▶ [PROMPT]: Copy the lines below exactly. No picture goes into the copy.

▶ [SUPPLIED INFORMATION]:
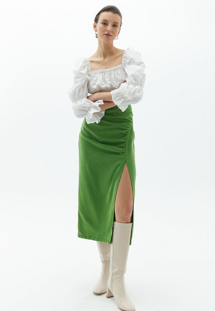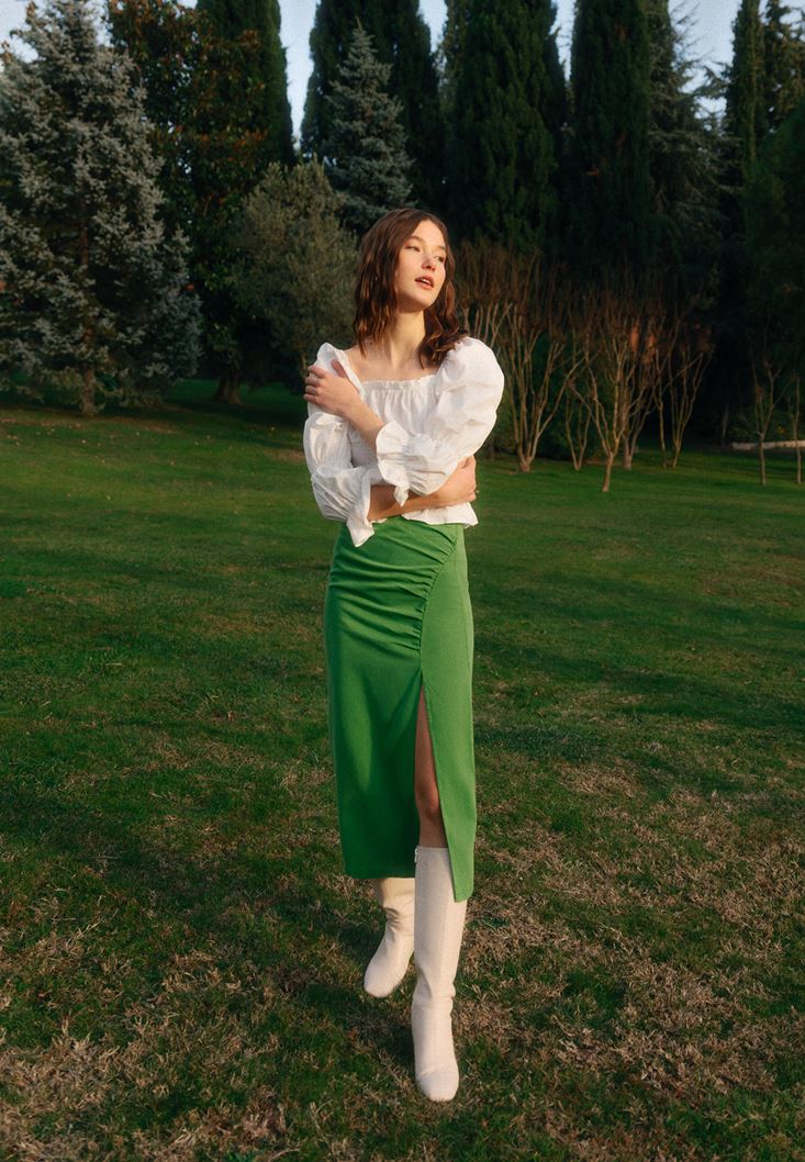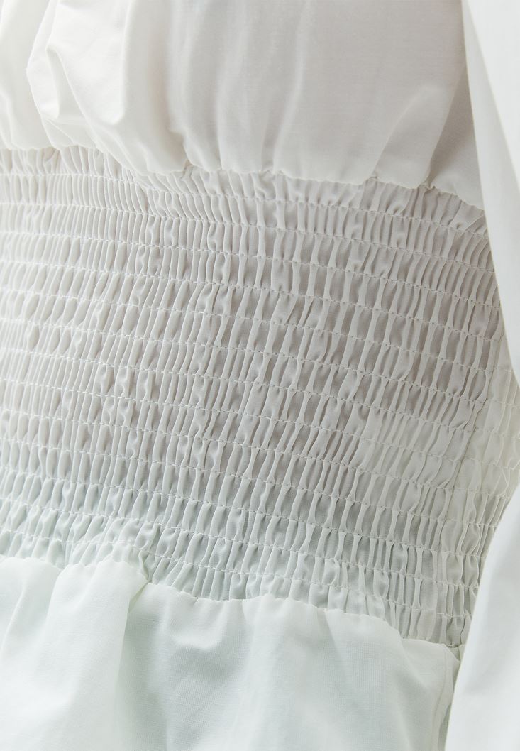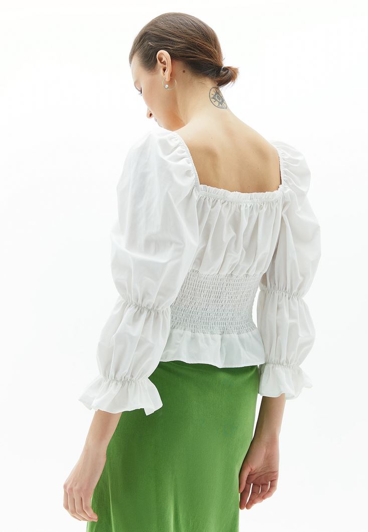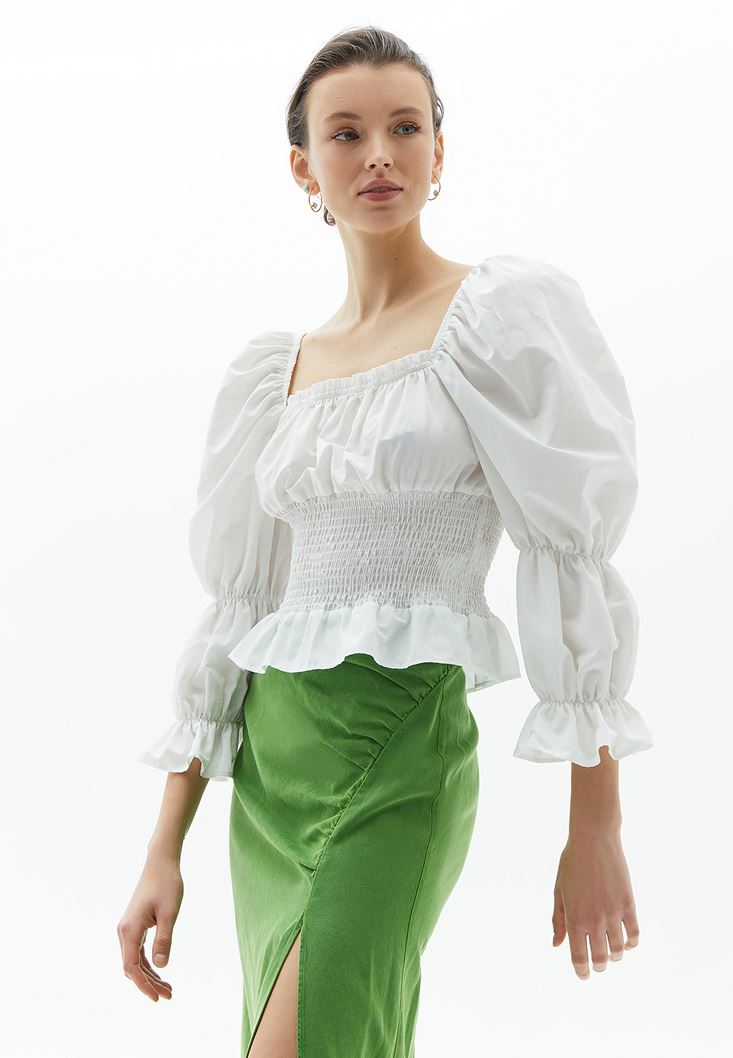 Pamuk karışımlı özel doku, kare yaka, balon kollu, crop kesim, bel kısmı gipeli, kolu ve yakası lastik detaylı.
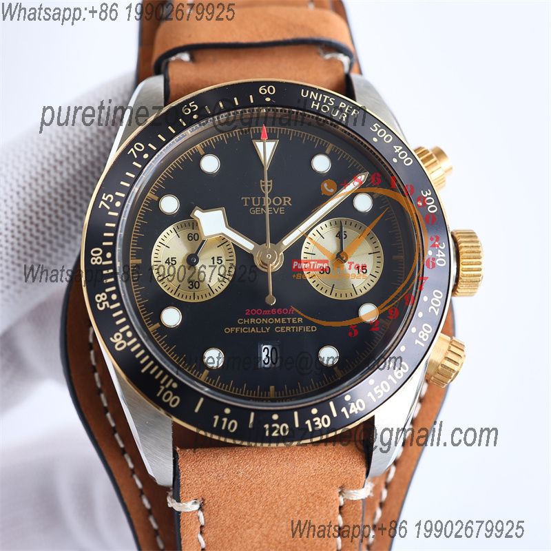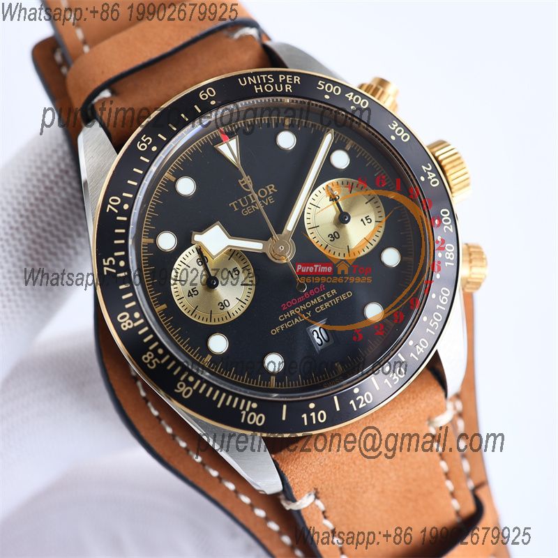 M79363N BLACK BAY CHRONO Automatic Chronograph Mens Watch TWF Two Tone Gold Black Dial Brown Leather Strap Super Clone
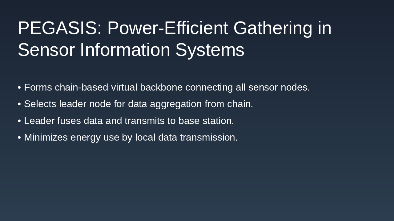 PEGASIS enhances WSN efficiency via chain-based gathering.
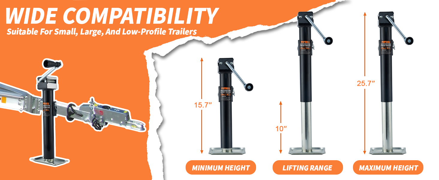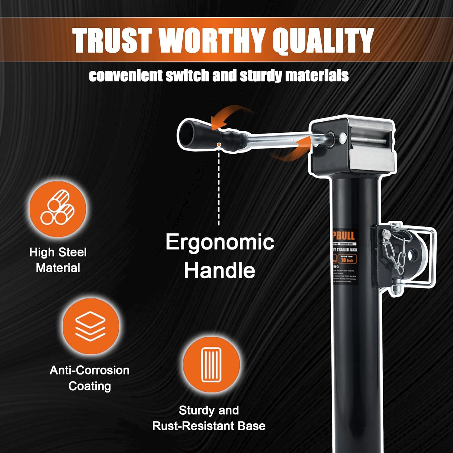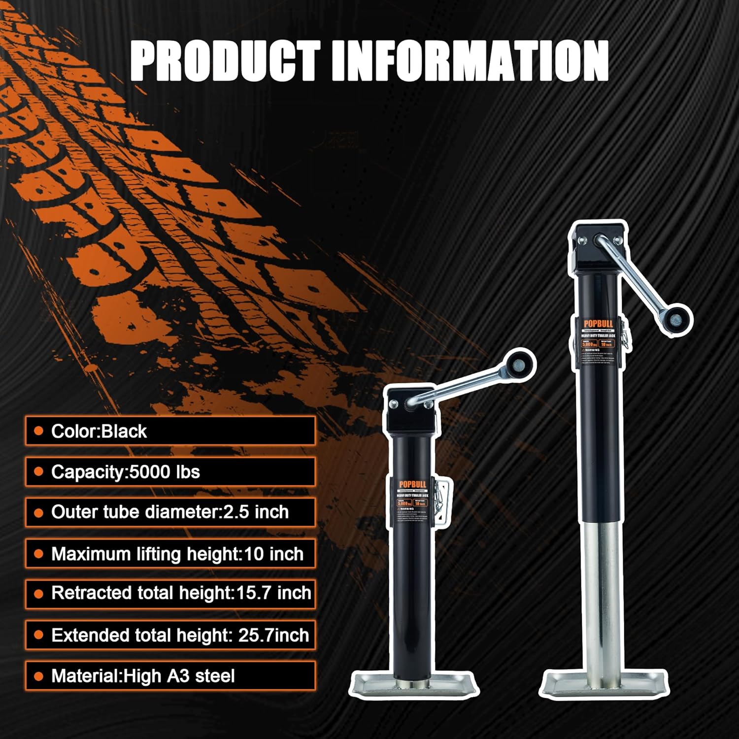 5000lb Weld-on Pipe Swivel Trailer Jack, 10" Vertical Travel Trailer Tongue Jack, Suitable for RVs, Boats, Horse Trailers and Multi-Purpose Trailers

▶ [THE ANSWER]:
 Pamuk karışımlı özel doku, kare yaka, balon kollu, crop kesim, bel kısmı gipeli, kolu ve yakası lastik detaylı.
 M79363N BLACK BAY CHRONO Automatic Chronograph Mens Watch TWF Two Tone Gold Black Dial Brown Leather Strap Super Clone
 PEGASIS enhances WSN efficiency via chain-based gathering.
 5000lb Weld-on Pipe Swivel Trailer Jack, 10" Vertical Travel Trailer Tongue Jack, Suitable for RVs, Boats, Horse Trailers and Multi-Purpose Trailers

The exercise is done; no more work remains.